EXERCISE DETAILS: Please repeat the records beneath this task exactly as they appear, but skip the images.

════════════════════

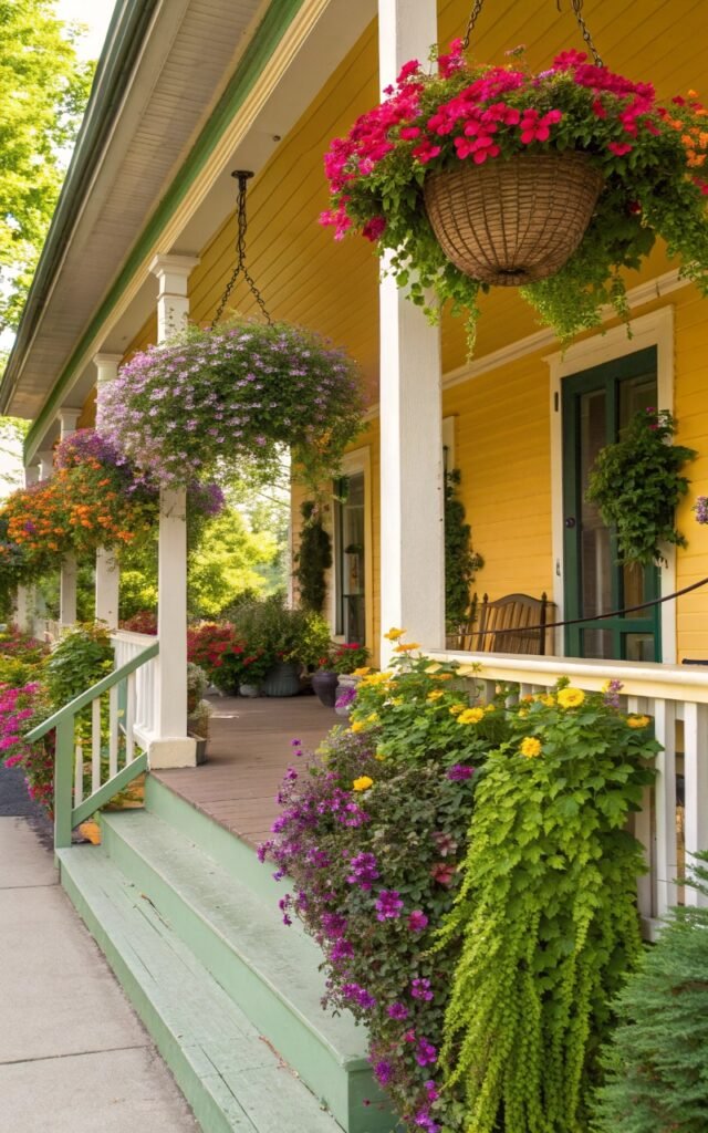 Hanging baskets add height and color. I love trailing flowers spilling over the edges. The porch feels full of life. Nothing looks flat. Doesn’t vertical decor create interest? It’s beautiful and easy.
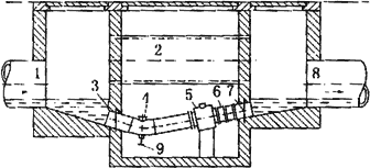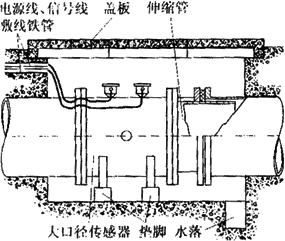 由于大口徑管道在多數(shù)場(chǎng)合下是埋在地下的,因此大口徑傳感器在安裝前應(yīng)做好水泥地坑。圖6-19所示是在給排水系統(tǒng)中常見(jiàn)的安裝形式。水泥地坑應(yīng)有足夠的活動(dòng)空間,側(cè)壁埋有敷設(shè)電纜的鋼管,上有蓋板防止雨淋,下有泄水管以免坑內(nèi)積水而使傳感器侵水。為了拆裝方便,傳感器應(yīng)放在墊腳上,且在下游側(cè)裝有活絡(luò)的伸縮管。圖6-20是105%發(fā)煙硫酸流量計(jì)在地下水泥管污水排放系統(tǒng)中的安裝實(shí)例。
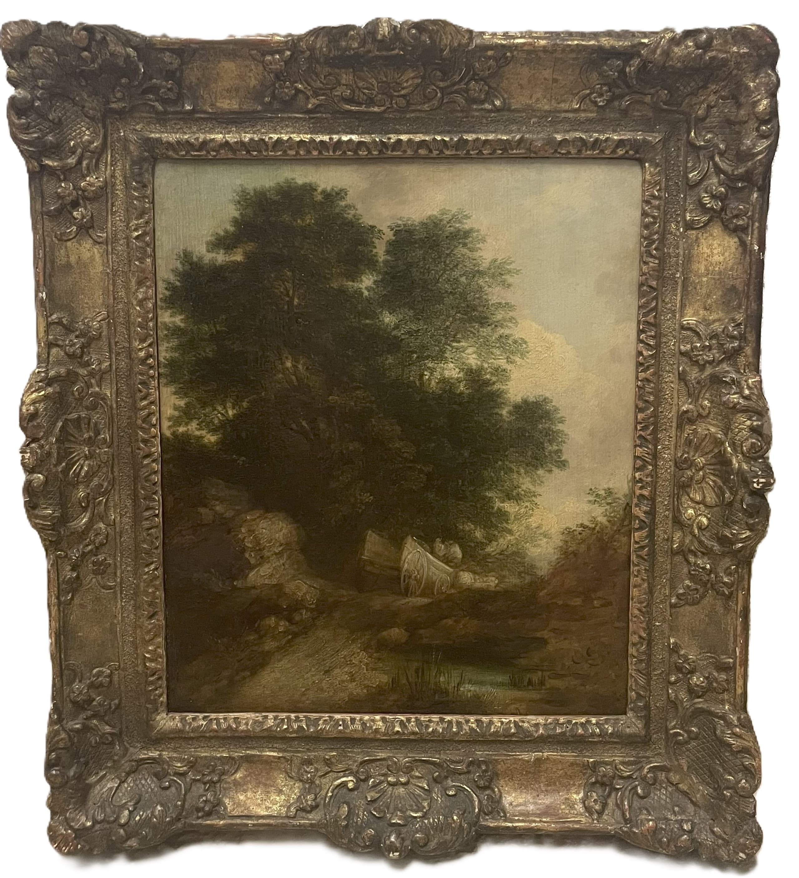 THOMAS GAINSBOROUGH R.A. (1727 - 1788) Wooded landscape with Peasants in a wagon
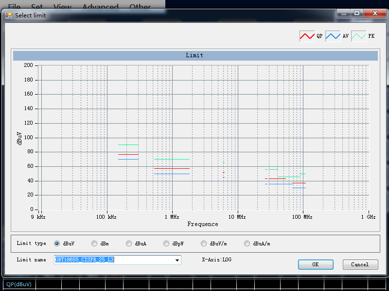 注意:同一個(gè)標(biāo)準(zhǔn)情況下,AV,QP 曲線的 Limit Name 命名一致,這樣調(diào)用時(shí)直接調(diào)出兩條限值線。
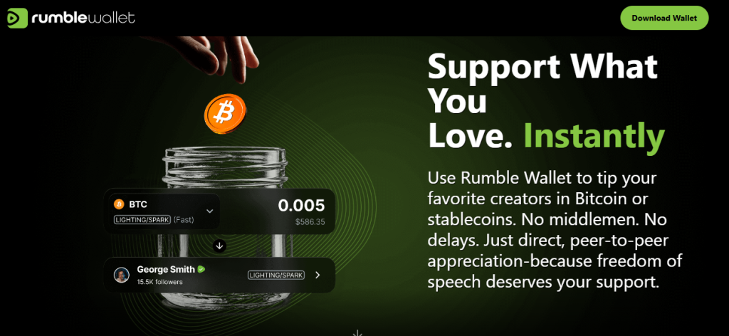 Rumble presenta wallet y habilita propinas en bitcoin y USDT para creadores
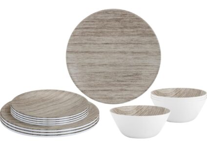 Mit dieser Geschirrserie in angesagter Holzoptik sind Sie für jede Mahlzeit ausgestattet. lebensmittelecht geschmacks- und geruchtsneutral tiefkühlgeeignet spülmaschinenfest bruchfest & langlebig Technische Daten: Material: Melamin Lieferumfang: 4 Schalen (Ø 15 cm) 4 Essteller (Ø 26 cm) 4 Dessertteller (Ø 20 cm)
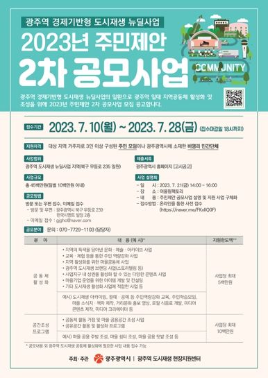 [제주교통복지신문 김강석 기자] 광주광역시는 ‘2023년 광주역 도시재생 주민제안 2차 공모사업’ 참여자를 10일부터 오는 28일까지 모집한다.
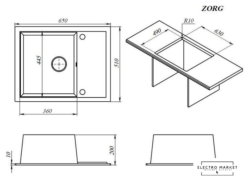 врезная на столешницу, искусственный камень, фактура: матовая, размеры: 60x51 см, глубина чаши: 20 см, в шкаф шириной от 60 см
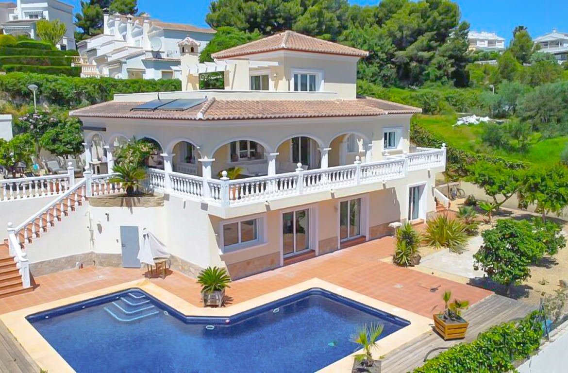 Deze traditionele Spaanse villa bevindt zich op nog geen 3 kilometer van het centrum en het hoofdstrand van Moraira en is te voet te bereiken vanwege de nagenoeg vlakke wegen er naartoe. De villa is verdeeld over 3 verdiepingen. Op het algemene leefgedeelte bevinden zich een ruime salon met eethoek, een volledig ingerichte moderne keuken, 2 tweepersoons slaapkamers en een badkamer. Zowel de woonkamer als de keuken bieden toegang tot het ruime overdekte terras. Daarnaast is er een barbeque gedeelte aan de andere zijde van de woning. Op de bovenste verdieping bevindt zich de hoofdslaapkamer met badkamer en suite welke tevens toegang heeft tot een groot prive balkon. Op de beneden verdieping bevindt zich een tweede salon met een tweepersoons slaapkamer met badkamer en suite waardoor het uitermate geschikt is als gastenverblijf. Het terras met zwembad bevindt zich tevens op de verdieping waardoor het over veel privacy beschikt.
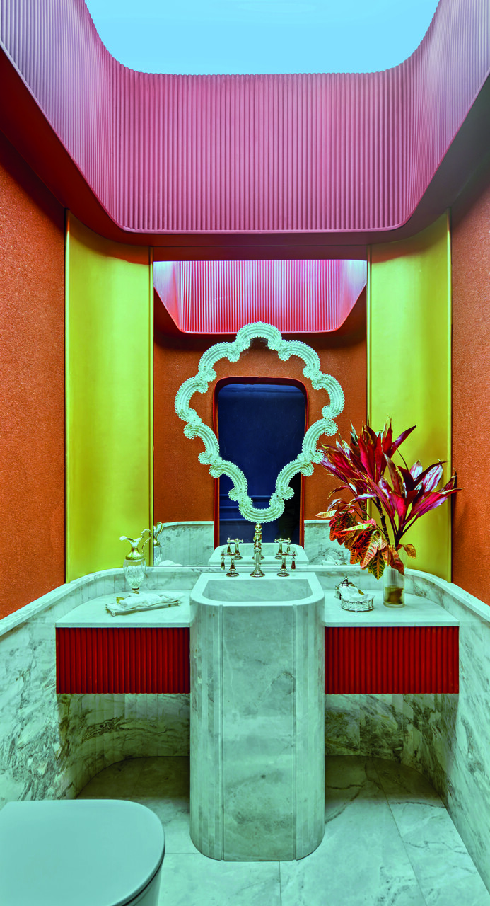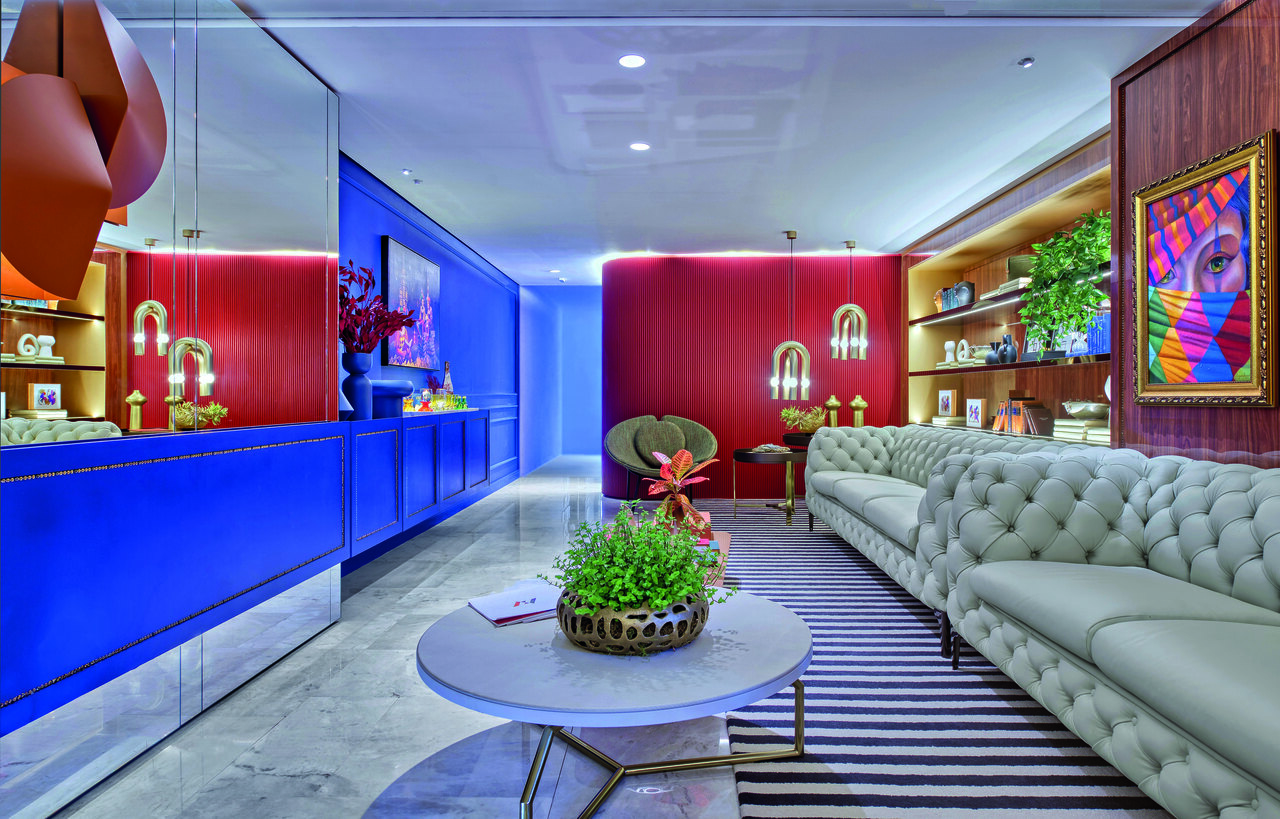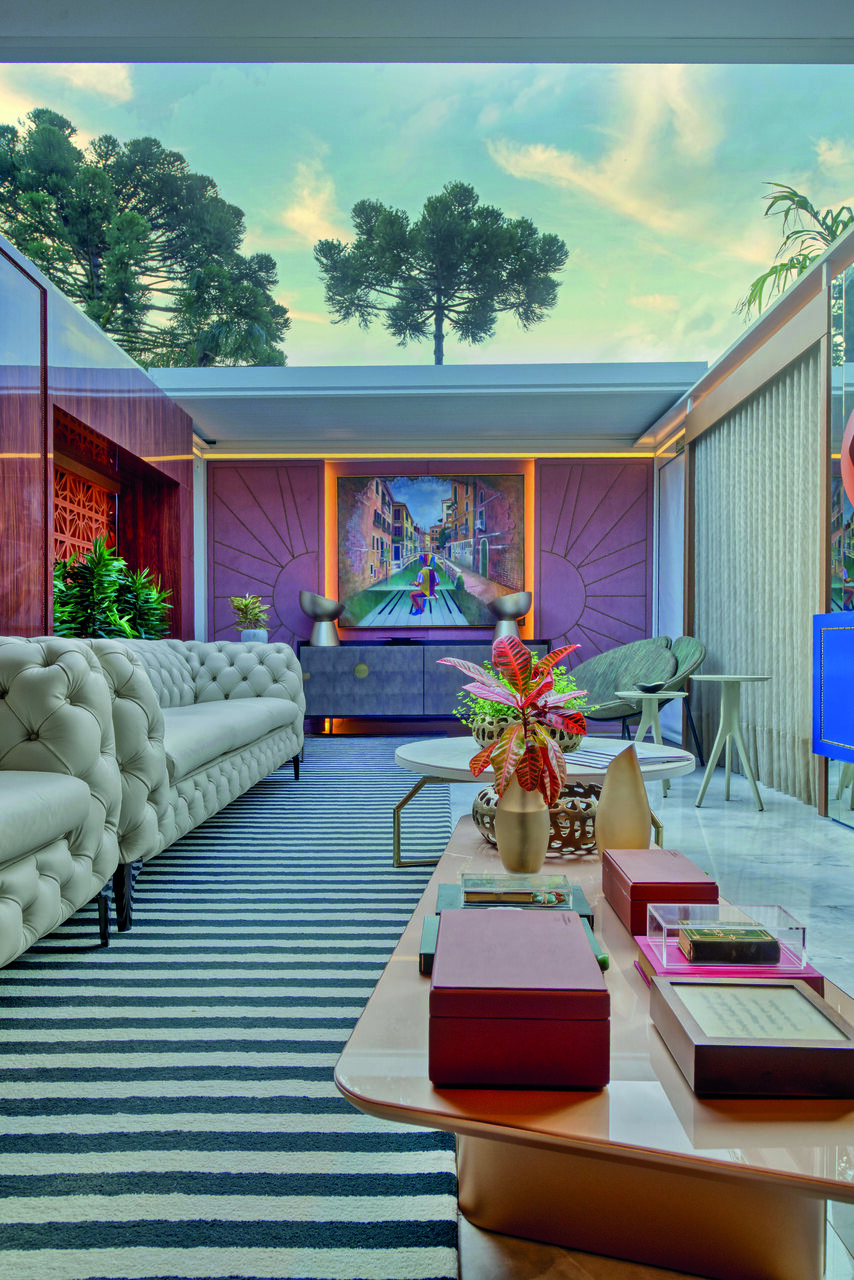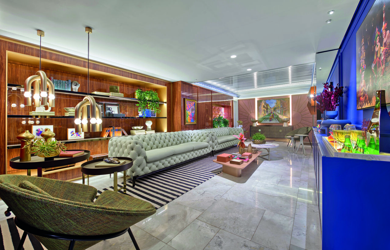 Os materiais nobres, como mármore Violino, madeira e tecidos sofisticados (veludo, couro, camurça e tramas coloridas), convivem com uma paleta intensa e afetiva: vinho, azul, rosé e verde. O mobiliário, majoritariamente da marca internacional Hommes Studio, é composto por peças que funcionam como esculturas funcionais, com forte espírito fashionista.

════════════════════

EXPECTED OUTPUT:
 Hanging baskets add height and color. I love trailing flowers spilling over the edges. The porch feels full of life. Nothing looks flat. Doesn’t vertical decor create interest? It’s beautiful and easy.
 由于大口徑管道在多數(shù)場(chǎng)合下是埋在地下的,因此大口徑傳感器在安裝前應(yīng)做好水泥地坑。圖6-19所示是在給排水系統(tǒng)中常見(jiàn)的安裝形式。水泥地坑應(yīng)有足夠的活動(dòng)空間,側(cè)壁埋有敷設(shè)電纜的鋼管,上有蓋板防止雨淋,下有泄水管以免坑內(nèi)積水而使傳感器侵水。為了拆裝方便,傳感器應(yīng)放在墊腳上,且在下游側(cè)裝有活絡(luò)的伸縮管。圖6-20是105%發(fā)煙硫酸流量計(jì)在地下水泥管污水排放系統(tǒng)中的安裝實(shí)例。
 THOMAS GAINSBOROUGH R.A. (1727 - 1788) Wooded landscape with Peasants in a wagon
 注意:同一個(gè)標(biāo)準(zhǔn)情況下,AV,QP 曲線的 Limit Name 命名一致,這樣調(diào)用時(shí)直接調(diào)出兩條限值線。
 Rumble presenta wallet y habilita propinas en bitcoin y USDT para creadores
 Mit dieser Geschirrserie in angesagter Holzoptik sind Sie für jede Mahlzeit ausgestattet. lebensmittelecht geschmacks- und geruchtsneutral tiefkühlgeeignet spülmaschinenfest bruchfest & langlebig Technische Daten: Material: Melamin Lieferumfang: 4 Schalen (Ø 15 cm) 4 Essteller (Ø 26 cm) 4 Dessertteller (Ø 20 cm)
 [제주교통복지신문 김강석 기자] 광주광역시는 ‘2023년 광주역 도시재생 주민제안 2차 공모사업’ 참여자를 10일부터 오는 28일까지 모집한다.
 врезная на столешницу, искусственный камень, фактура: матовая, размеры: 60x51 см, глубина чаши: 20 см, в шкаф шириной от 60 см
 Deze traditionele Spaanse villa bevindt zich op nog geen 3 kilometer van het centrum en het hoofdstrand van Moraira en is te voet te bereiken vanwege de nagenoeg vlakke wegen er naartoe. De villa is verdeeld over 3 verdiepingen. Op het algemene leefgedeelte bevinden zich een ruime salon met eethoek, een volledig ingerichte moderne keuken, 2 tweepersoons slaapkamers en een badkamer. Zowel de woonkamer als de keuken bieden toegang tot het ruime overdekte terras. Daarnaast is er een barbeque gedeelte aan de andere zijde van de woning. Op de bovenste verdieping bevindt zich de hoofdslaapkamer met badkamer en suite welke tevens toegang heeft tot een groot prive balkon. Op de beneden verdieping bevindt zich een tweede salon met een tweepersoons slaapkamer met badkamer en suite waardoor het uitermate geschikt is als gastenverblijf. Het terras met zwembad bevindt zich tevens op de verdieping waardoor het over veel privacy beschikt.
 Os materiais nobres, como mármore Violino, madeira e tecidos sofisticados (veludo, couro, camurça e tramas coloridas), convivem com uma paleta intensa e afetiva: vinho, azul, rosé e verde. O mobiliário, majoritariamente da marca internacional Hommes Studio, é composto por peças que funcionam como esculturas funcionais, com forte espírito fashionista.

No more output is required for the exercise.